> About this exercise: What follows is a listing to transcribe exactly, leaving the pictures out.

> Data excerpt:
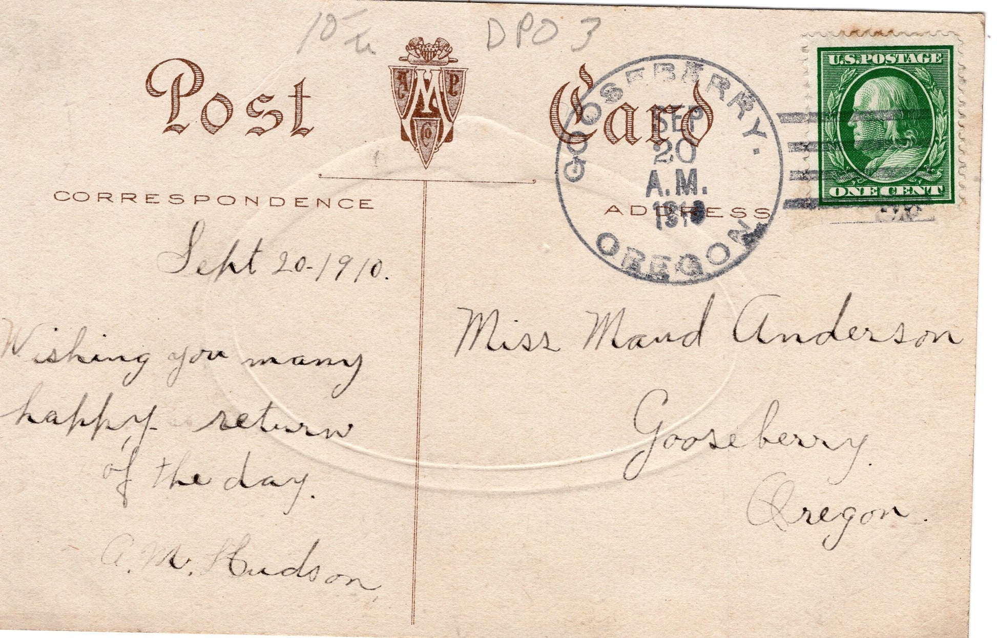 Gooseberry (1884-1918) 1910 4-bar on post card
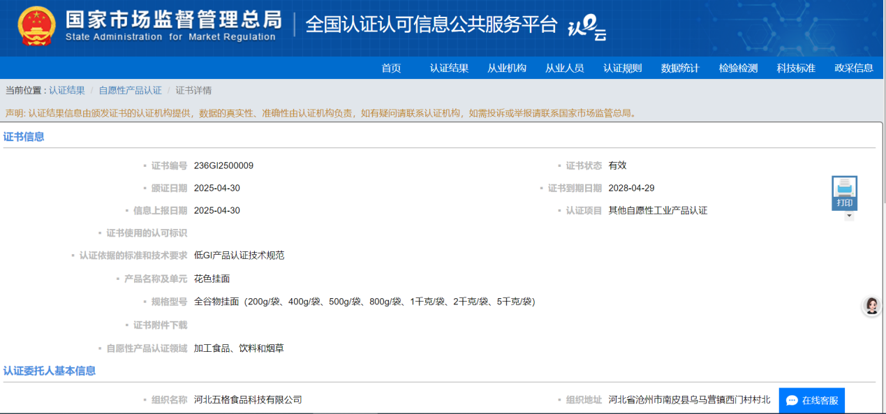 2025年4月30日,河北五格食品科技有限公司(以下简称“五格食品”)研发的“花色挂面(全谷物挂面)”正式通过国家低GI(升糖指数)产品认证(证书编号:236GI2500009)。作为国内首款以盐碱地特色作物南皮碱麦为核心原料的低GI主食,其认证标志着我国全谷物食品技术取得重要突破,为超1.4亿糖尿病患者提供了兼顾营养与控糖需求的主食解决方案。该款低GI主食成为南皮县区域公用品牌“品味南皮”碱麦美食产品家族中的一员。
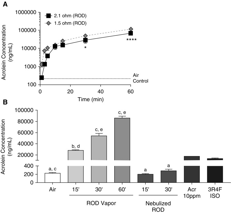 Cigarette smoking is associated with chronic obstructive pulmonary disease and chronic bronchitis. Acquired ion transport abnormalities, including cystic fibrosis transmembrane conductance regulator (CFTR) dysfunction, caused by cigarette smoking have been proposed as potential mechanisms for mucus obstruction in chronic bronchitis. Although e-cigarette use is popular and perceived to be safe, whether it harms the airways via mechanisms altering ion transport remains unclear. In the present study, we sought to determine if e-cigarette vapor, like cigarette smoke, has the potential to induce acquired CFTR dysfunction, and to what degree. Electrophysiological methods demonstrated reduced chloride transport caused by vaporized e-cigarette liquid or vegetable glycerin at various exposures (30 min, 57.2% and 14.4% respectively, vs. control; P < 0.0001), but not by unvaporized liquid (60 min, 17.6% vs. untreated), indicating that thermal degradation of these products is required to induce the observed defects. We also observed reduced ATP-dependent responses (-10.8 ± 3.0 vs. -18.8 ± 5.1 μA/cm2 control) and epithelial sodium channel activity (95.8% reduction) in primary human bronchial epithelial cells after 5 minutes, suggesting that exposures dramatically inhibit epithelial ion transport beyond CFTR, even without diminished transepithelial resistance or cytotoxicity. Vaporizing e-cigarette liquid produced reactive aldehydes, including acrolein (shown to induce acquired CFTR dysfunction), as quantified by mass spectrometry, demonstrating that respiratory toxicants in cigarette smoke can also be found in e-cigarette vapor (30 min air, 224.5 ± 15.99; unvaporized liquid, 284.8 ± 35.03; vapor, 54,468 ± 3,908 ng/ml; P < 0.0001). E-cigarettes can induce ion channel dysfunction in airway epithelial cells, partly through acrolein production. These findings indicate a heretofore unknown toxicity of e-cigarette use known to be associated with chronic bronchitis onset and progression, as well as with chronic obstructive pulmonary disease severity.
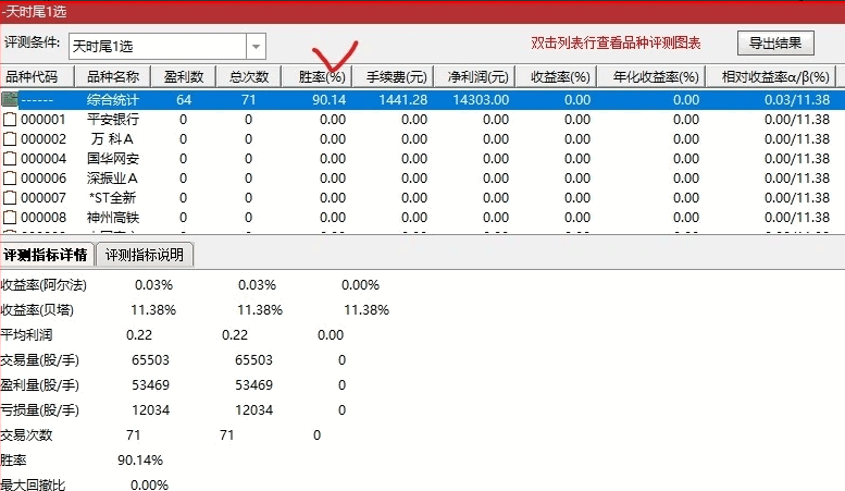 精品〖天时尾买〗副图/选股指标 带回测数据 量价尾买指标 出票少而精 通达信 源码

> Answer to this problem:
 Gooseberry (1884-1918) 1910 4-bar on post card
 2025年4月30日,河北五格食品科技有限公司(以下简称“五格食品”)研发的“花色挂面(全谷物挂面)”正式通过国家低GI(升糖指数)产品认证(证书编号:236GI2500009)。作为国内首款以盐碱地特色作物南皮碱麦为核心原料的低GI主食,其认证标志着我国全谷物食品技术取得重要突破,为超1.4亿糖尿病患者提供了兼顾营养与控糖需求的主食解决方案。该款低GI主食成为南皮县区域公用品牌“品味南皮”碱麦美食产品家族中的一员。
 Cigarette smoking is associated with chronic obstructive pulmonary disease and chronic bronchitis. Acquired ion transport abnormalities, including cystic fibrosis transmembrane conductance regulator (CFTR) dysfunction, caused by cigarette smoking have been proposed as potential mechanisms for mucus obstruction in chronic bronchitis. Although e-cigarette use is popular and perceived to be safe, whether it harms the airways via mechanisms altering ion transport remains unclear. In the present study, we sought to determine if e-cigarette vapor, like cigarette smoke, has the potential to induce acquired CFTR dysfunction, and to what degree. Electrophysiological methods demonstrated reduced chloride transport caused by vaporized e-cigarette liquid or vegetable glycerin at various exposures (30 min, 57.2% and 14.4% respectively, vs. control; P < 0.0001), but not by unvaporized liquid (60 min, 17.6% vs. untreated), indicating that thermal degradation of these products is required to induce the observed defects. We also observed reduced ATP-dependent responses (-10.8 ± 3.0 vs. -18.8 ± 5.1 μA/cm2 control) and epithelial sodium channel activity (95.8% reduction) in primary human bronchial epithelial cells after 5 minutes, suggesting that exposures dramatically inhibit epithelial ion transport beyond CFTR, even without diminished transepithelial resistance or cytotoxicity. Vaporizing e-cigarette liquid produced reactive aldehydes, including acrolein (shown to induce acquired CFTR dysfunction), as quantified by mass spectrometry, demonstrating that respiratory toxicants in cigarette smoke can also be found in e-cigarette vapor (30 min air, 224.5 ± 15.99; unvaporized liquid, 284.8 ± 35.03; vapor, 54,468 ± 3,908 ng/ml; P < 0.0001). E-cigarettes can induce ion channel dysfunction in airway epithelial cells, partly through acrolein production. These findings indicate a heretofore unknown toxicity of e-cigarette use known to be associated with chronic bronchitis onset and progression, as well as with chronic obstructive pulmonary disease severity.
 精品〖天时尾买〗副图/选股指标 带回测数据 量价尾买指标 出票少而精 通达信 源码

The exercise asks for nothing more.